• Data provided:
=== Begin Enclosure ===

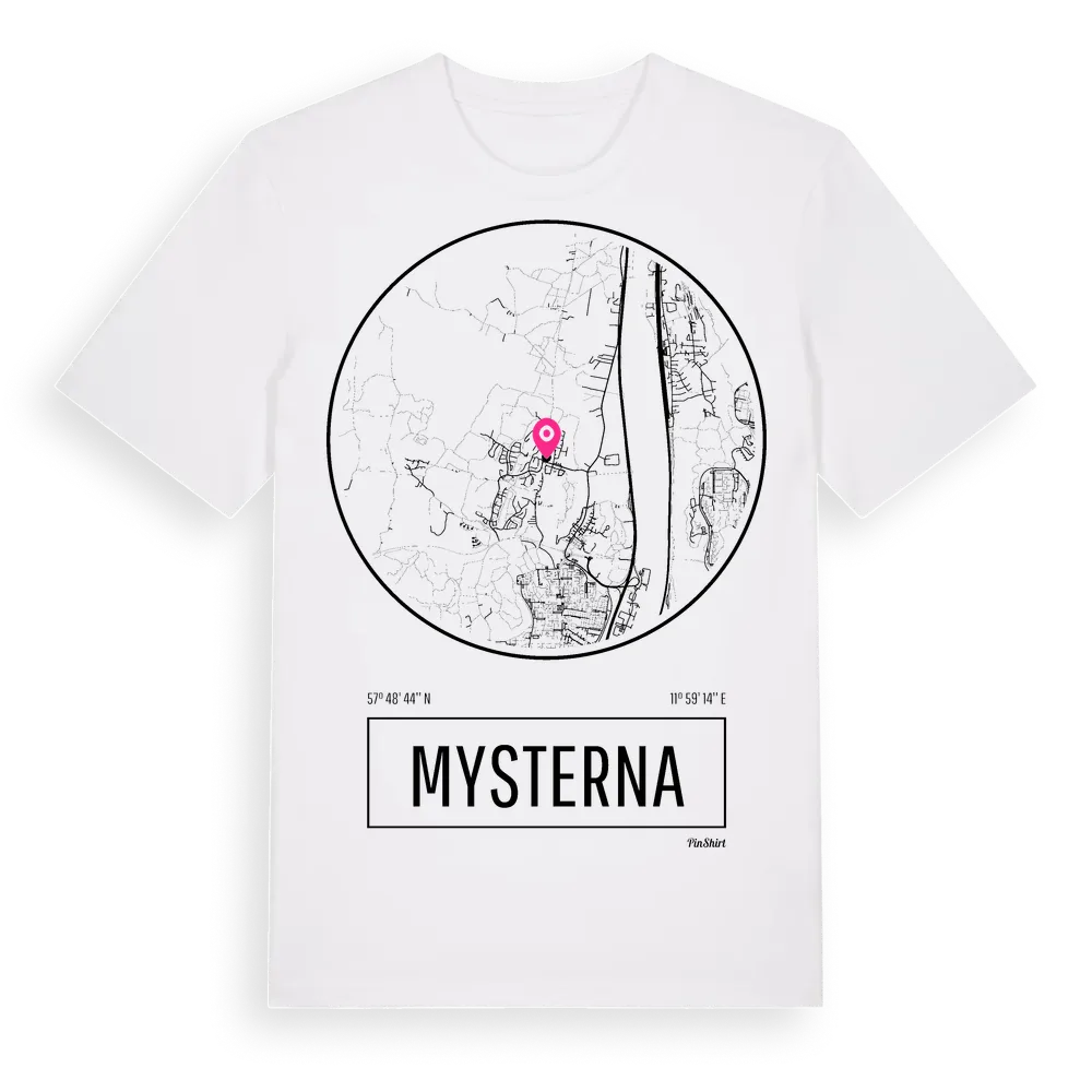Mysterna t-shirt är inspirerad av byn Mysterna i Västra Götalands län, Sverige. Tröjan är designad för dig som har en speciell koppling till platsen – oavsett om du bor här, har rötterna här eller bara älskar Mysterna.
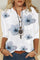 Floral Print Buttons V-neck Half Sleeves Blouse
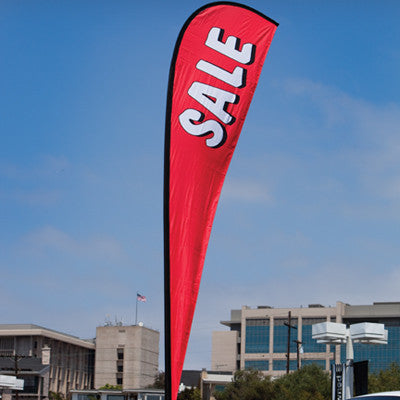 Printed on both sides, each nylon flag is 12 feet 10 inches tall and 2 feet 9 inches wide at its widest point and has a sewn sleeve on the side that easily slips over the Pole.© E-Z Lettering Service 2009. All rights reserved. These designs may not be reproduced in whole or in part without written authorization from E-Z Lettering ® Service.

=== End Enclosure ===

• Assignment: An exact copy is needed of only the lines from the top of the material through the line with "Floral Print Buttons"; no pictures belong in it.

• Answer:
Mysterna t-shirt är inspirerad av byn Mysterna i Västra Götalands län, Sverige. Tröjan är designad för dig som har en speciell koppling till platsen – oavsett om du bor här, har rötterna här eller bara älskar Mysterna.
 Floral Print Buttons V-neck Half Sleeves Blouse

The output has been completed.